Stored records
────────────────────

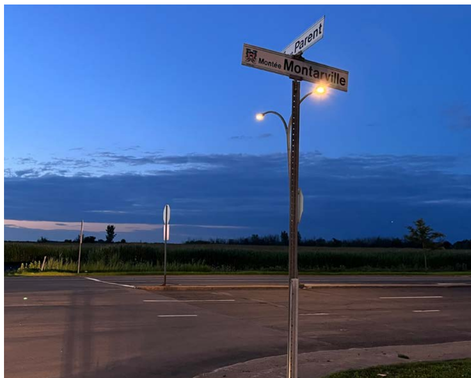
La rue Ponton n'a pas encore remplacé la rue Parent.

boulot. Nous étions à travailler le dossier, lorsque le maire nous a fait signe! Nous en sommes tous bien heureux! », nous confiait le fils, Richard Ponton.
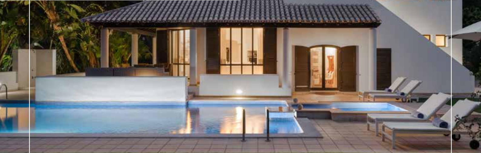
Pine Cliffs Villas

Whether you choose to stay in an apartment or a private villa, safety and tranquility are guaranteed.
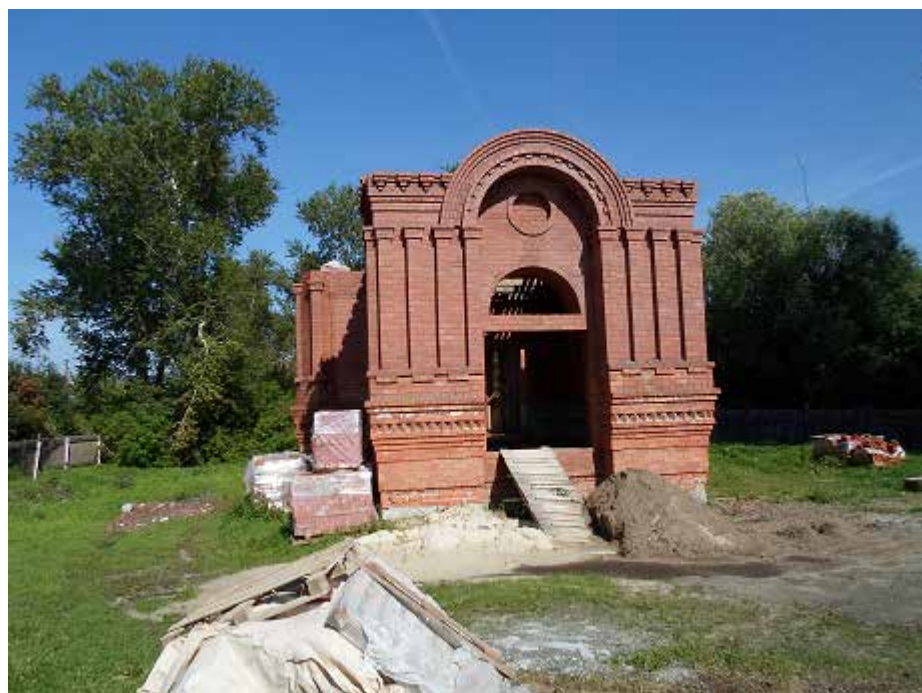
Строящийся храм – церковь во имя св. исцелителя Пантелеимона растет не по дням, а по часам. 2014 г.
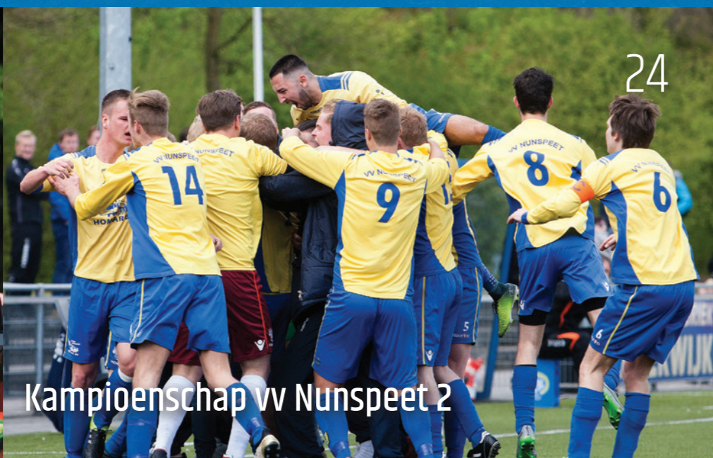
24 Kampioenschap vv Nunspeet 2
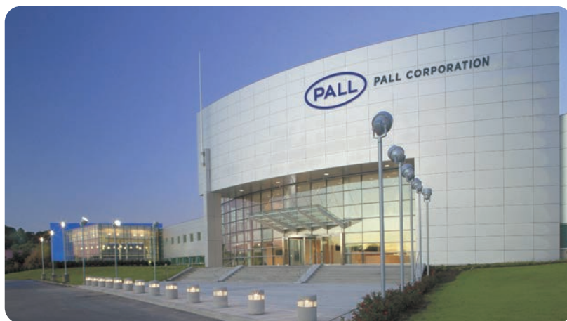
ポール本社(米国ニューヨーク州ポートワシントン)

社 名 Pall Corporation 本社所在地 米国、ニューヨーク州 ポートワシントン市
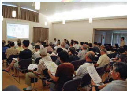
▲自主防災会防災講習会の様子
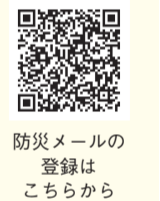
防災メールの登録はこちら
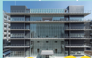
9 ITbM・ITbM Gallery

ケミストリーギャラリーでは、2001年ノーベル化学賞を受賞の野依良治特別教授の研究について展示。 開館時間: 10:00-16:00 休館日: 日・土曜・祝
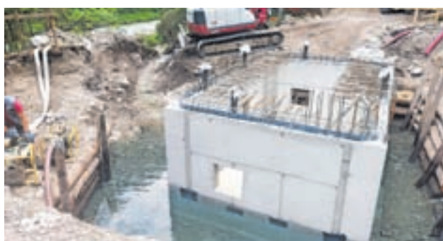
Izgradnja regulacijskega jaška

Po zaključku teh del so bili vzpostavljeni pogoji, da se vodooskrba lahko začne izvajati po novi cevi, hkrati pa se je začelo z deli na lokaciji, kjer bo vgrajen UV dezinfektor. Tre-

────────────────────

--- Problem to work on ---
Your copy should hold only the lines above from the one containing "boulot. Nous étions" through the one containing "ポール本社(米国ニューヨーク州ポートワシントン)", exactly as written and free of pictures.

--- Answer for the task ---
boulot. Nous étions à travailler le dossier, lorsque le maire nous a fait signe! Nous en sommes tous bien heureux! », nous confiait le fils, Richard Ponton.
Pine Cliffs Villas

Whether you choose to stay in an apartment or a private villa, safety and tranquility are guaranteed.
Строящийся храм – церковь во имя св. исцелителя Пантелеимона растет не по дням, а по часам. 2014 г.
24 Kampioenschap vv Nunspeet 2
ポール本社(米国ニューヨーク州ポートワシントン)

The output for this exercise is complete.